Serinin isminden de anlaşılacağı gibi olaylar farklı zaman dilimlerinde gelişiyor. Zaman yolculuğu yapabilen gençlerimiz var. Bunlardan biri on altı yaşındaki Gwendolyn. Londra'da ailesiyle beraber yaşıyor. Hatta gıcık bir ailesi var. Gıcık diyorum çünkü gerçekten okurken sinir ettiler. Niye mi ? Bu ailede on iki zaman yolcusundan biri olma adayı olan biri var. Gwen'in kuzeni Charletto olduklarını sanıyorlar ama elbette tahmin ettiğiniz gibi Gwendolyn'dur. Baya olaylar oluyor. Bunun sonucunda ailesine baya gıcık olacaksınız. Neyse, efenim. Çok detaylara girmeyeceğim ama kurgu biraz kafanızı karıştırabilir. En özet halinde şöyle diyeyim; Gwendolyn ve bir diğer zaman yolcusu Gideon (yeşil gözler, omuzlara gelen saçlar ve göz devirici hareketler kalp ben) bir görev nedeniyle geçmişe gidiyorlar. Ama önlerine her defasına bir engel çıkıyor. Ve zamanda yolculuk etmek de öyle kolay bir şey değil. Düşünsenize, buradan aniden kaybolup, 1950'lerin Londra'sının ortasına löp diye çıkıyorsunuz. İnsanların tepkilerini hayal edin. Ya da belki de bir yangının içinde belireceksiniz. Ya da tam savaşın ortasında... Böyle sorunlar olmasın diye de bir çözümleri var. Ama işte bu çözümden dolayı geçmişte bir karışıklık olmuş ve şimdi de o sorunu çözmeye çalışıyorlar. Kahramanlarımız Giden ve Gwendolyn. Aralarındaki uyum şahane. Valla bak. Zıtlaşmalar, göz devirmeler, ters cevaplar, açıklarını kollamalar... Bayıldım! :D

Konunun geneli böyle ama okumadan olmaz elbette. Her karakterden bahsetmedim ki şimdi aklıma geldi. Gwendolyn, etrafta kimsenin göremediği hayaletleri görebiliyor. Robert isminde bir hayalet var. Şimdiden favori karakterim oldu. Sırf onun için bile okuyun derim. :D Gerçekten Gwen'in hayaletlerle konuşması ayrı bir komedi oluyor.

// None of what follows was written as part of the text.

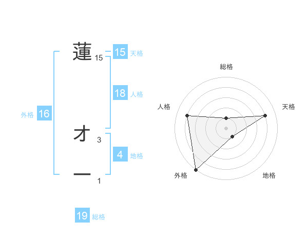 蓮 オーさんの天格は15画の4点!

Sonracığıma... Zaman konulu kurguyuları sevdiğim için serinin ilk kitabını sevdim. Bazen gereksiz diyaloglarla karşılaştım. Ama kitap süper akıcı. Cidden. Yazarın hayal dünyası ilginç ve sürükleyici. Hele Yakut Kırmızı öyle bir bitti ki ikinci kitap gözümün önünde adeta "gel beni oku" diyor ama ne yazık ki kendimi kaptıramam.

Son olarak, bu seriyi Alman bir yazar yazmış. İlk kitabın filmi de mevcut internette. Fragmanını izledim ve filmi de izlemeye karar verdim ama tüm seriyi okuduktan sonra izleyeceğim.
Şimdilik bu kadar. Sıradaki kitap ne olacak bilmiyorum. Bekleyelim bakalım.